Offenbar war einfach dessen Name von Pfau zu Faw mutiert. Allerdings ging aus keinen Akten, die ich zu dieser Person ausfindig machen konnte, irgend etwas hervor, was auf religiösen Nonkonformismus schliessen liess. Keine Kontakte zu Täufern und Mennoniten, keine Präsenz in pietistischen oder separatistischen Konventikeln – weder bei ihm, noch bei seinen Eltern oder Geschwistern.

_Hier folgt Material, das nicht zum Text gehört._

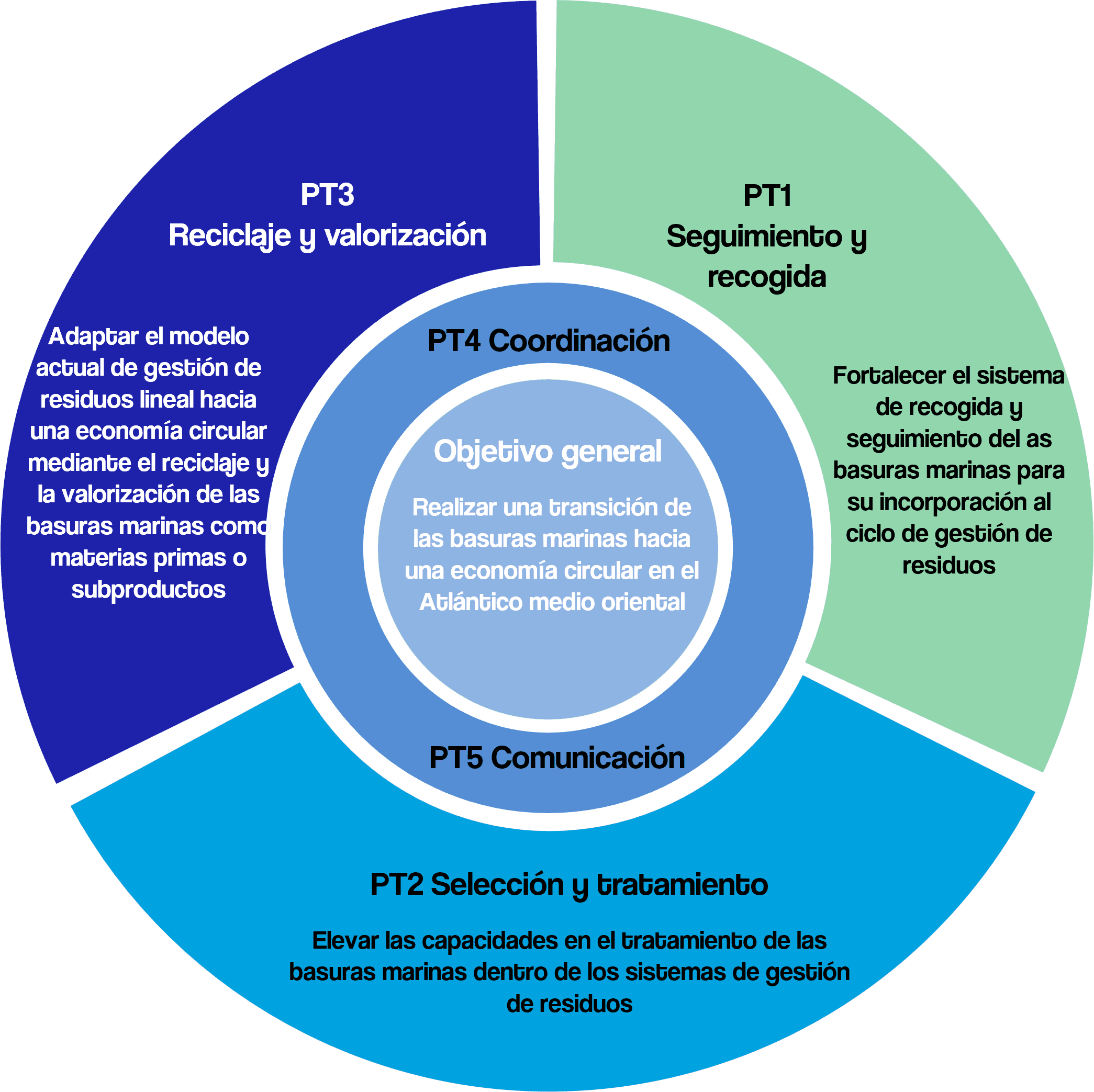 ▪Alienado con esta idea y en base a los resultados del proyecto OCEANLIT, financiado por la segunda convocatoria del Programa INTERREG MAC 2014-2020 y ejecutado entre 2020 y 2023, surge esta propuesta de proyecto CIRCULAROCEAN que tiene como objetivo general, realizar una transición de las basuras marinas hacia una economía circular en los territorios del Atlántico Medio Occidental mediante la cooperación. Esta idea de proyecto de cooperación territorial se basa en un proceso colaborativo, participativo y abierto entre las distintas regiones que forman este espacio de cooperación del Atlántico medio oriental, con la participación de administraciones públicas, centros de investigación y ONGs vinculadas al conocimiento de las basuras marinas y la gestión de los residuos que proporcione una estrategia común y sostenible con enfoque circular donde deben convergen actividades de transferencia de conocimiento sobre la problemática, sensibilización en actividades económicas como el turismo, la pesca o puertos, acciones piloto sobre gestión de las basuras marinas, nuevos modelos de negocio circulares e intercambio de buenas prácticas y experiencias.

Einzig an einer kleinen unscheinbaren Stelle horchte ich auf: Bei seiner Taufe in Biel-Benken war ein (Hans) Jakob Pfau aus Muttenz Götti (=Pate)! Es war höchstwahrscheinlich genau derjenige (Hans) Jakob Pfau, der sich – wie oben geschildert! – einige Monate zuvor in Muttenz als «Pietist» geoutet hatte. Das ist zwar kein Beweis, aber doch ein Indiz dafür, dass möglicherweise dieser Pate bei seinem Göttikind den Samen gesät hatte, der später – vielleicht erst in neuer Umgebung in Nordamerika – mit seiner Hinwendung zu den Schwarzenauer Täufern aufging.

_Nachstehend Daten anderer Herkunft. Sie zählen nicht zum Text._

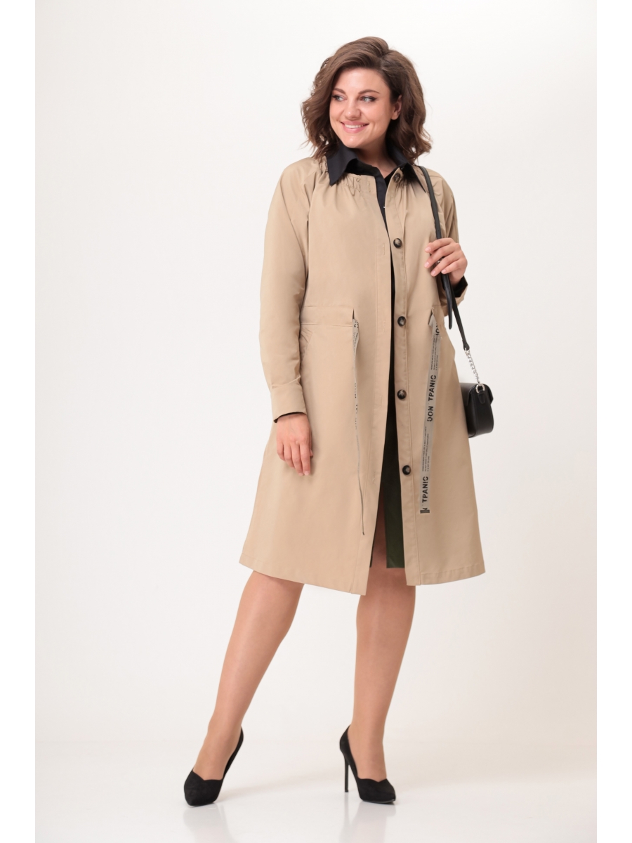 Плащ женский, выполнен из качественной голландской плащевой ткани. Плащ с центральной застёжкой на петли и декоративные пуговицы. Рукав длинный, цельнокроенный с передом. Верхняя часть рукава с подрезом. По низу рукава - складки и манжет. По переду, в области бедер обработаны прорезные карманы с настрачными листочками. Горловина круглая, край окантован. Область горловины декоративно собрана на вингерку. В нижней части боковых швов плаща обработаны разрезы. В верхней и нижней частях спинки расположены складки. По линии талии - настрочная кулиса, в которую вставлена декоративная тесьма.

Feststeht jedenfalls, dass der Sattler Jakob Pfau im Herbst 1749 mit seiner Frau Catharina Dyssly und Kindern (KB Biel-Benken 3, 392) Biel-Benken verlässt und sich nach einer schwierigen Überfahrt vorerst in Frederickstown (Maryland) im Shenandoah Valley (heute Winchester) niederlässt (SCHELBERT/RAPPOLT 1977, 136.431). Denn, so schreibt er in einem Brief vom 17. September 1750 an seine Verwandten in der Schweiz, „ihm Pänßelfania iß aleß besätz“ (= in Pennsylvania ist alles besetzt). Nach dem Tod seiner Frau verheiratet sich Jakob Pfau ein zweites Mal – erneut mit einer Biel-Benkemerin, Anna Magdalena Jundt. Später zieht er nach North Carolina weiter, wo er 1772 bei Winston-Salem die Fraternity Church gründet, die er und seine Nachkommen während mehrerer Generationen massgeblich mitprägen.